Nous assistons, Messieurs, seulement à l’éclosion d’une transformation prodigieuse qui va s’opérer d’ici à quelques années. La construction de l’hôtel et de l’élévateur ne sont que des incidents, des symptômes précurseurs ; ce sont des effets et non pas des causes, et bien naïf celui qui les envisagerait comme des points de départ indépendants de circonstances impérieuses, et comme des créations dues à un esprit d’entreprise aventureux qui cherche simplement des champs nouveaux où s’exercer. Non, ces constructions ne sont que des résultantes, mais elles indiquent clairement et victorieusement à tout esprit tant soit peu observateur ce qu’il y a en réserve derrière elles et de combien de conséquences nombreuses elles vont être suivies.

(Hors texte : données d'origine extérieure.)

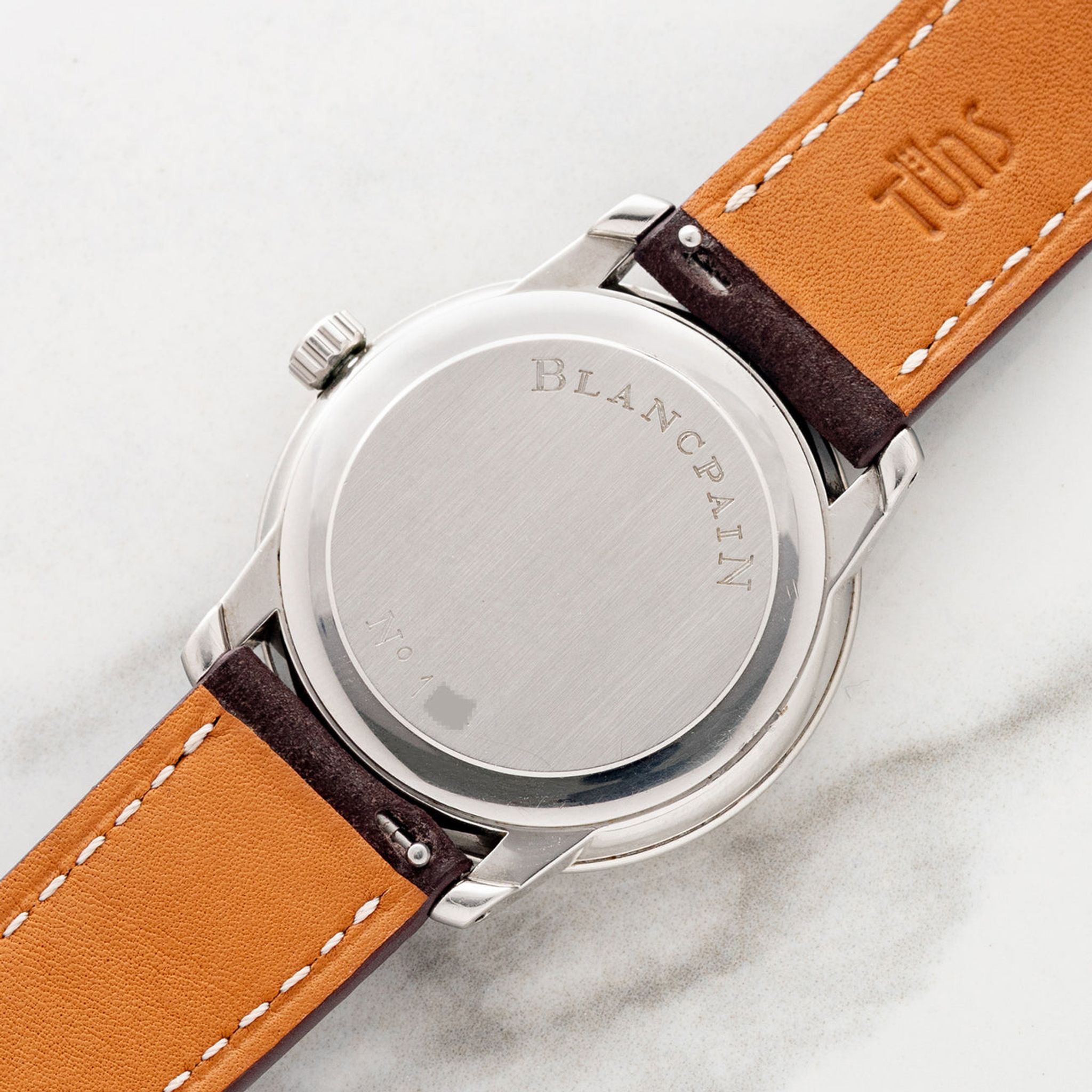 Bracelet: Two piece suede strap in brown and correct stainless Blancpain signed pin buckle in addition to the correct curved spring bars. Crystal: Clear.

Laissez-moi donc vous dire, Messieurs, et je crois en avoir le droit au point où nous en sommes arrivés de l’exposition que je viens de faire devant vous, laissez-moi donc vous dire, et cela sans hésitation, sans crainte d’amener sur vos lèvres le plus léger, le moins incrédule sourire, que Québec va devenir un de ces grands entrepôts que je vous signalais il y a un instant, une des grandes villes du continent américain, un de ses principaux ports d’expédition. D’ici à un quart de siècle nous allons voir toute la rive de Beauport, jusqu’à la chute Montmorency, se border de quais, et la chute elle-même devenue le grand pouvoir actionneur d’une foule d’industries, de l’éclairage et du chauffage de la région environnante, des moulins où se fera la mouture du blé de l’Ouest, des scieries, des fabriques en général, de tout enfin ce qui offrira à la population de Québec quintuplée un champ de travail et d’entreprise.

Messieurs, je ne me berce pas à plaisir d’illusions, ni ai-je l’idée de vous en bercer. J’ai voulu vous dire ce soir ce que je voyais, ce que je sentais comme devant être l’avenir assuré de la ville chère entre toutes aux Canadiens-Français.

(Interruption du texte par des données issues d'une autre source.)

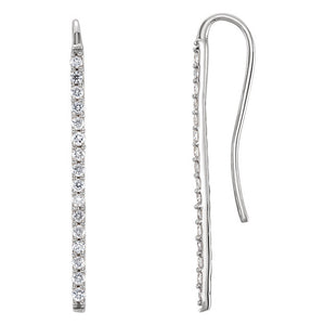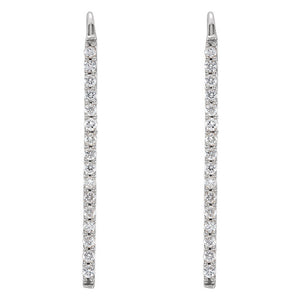 Change up your look with these eye-catching 14k white gold bar earrings featuring genuine white diamonds that are H-I in color, I1 in clarity. They are approximately 1.3mm in width by 23mm (9/10 inch) in length. The total diamond weight for the pair is 1/3 carat.

Au printemps, dès que les premiers chauds rayons du soleil animent le sol paralysé par six mois d’hiver et font courir la sève figée dans les troncs et les branches des arbres, vous voyez en un jour les bourgeons apparaître et s’ouvrir, la terre se couvrir subitement d’une abondante et ruisselante verdure, les forêts se revêtir d’un doux et luxueux feuillage, le sol, attendri par les tièdes baisers de l’air, s’offrir sans résistance au soc de la charrue, la nature entière transformée, sortie de son long sommeil avec une physionomie, une jeunesse et une vigueur nouvelles.

Ainsi fera Québec sortant, au printemps de « 93 », de son sommeil de cinquante ans. Ce printemps va se prolonger quelques années sous nos yeux ; mais, avec le siècle prochain qui, déjà, nous tend les bras, nous entrerons en pleine floraison, et le Québec de l’avenir luira dans toute sa beauté et sa splendeur aux yeux de ceux qui n’auront pu contempler jusque là que le Québec du passé.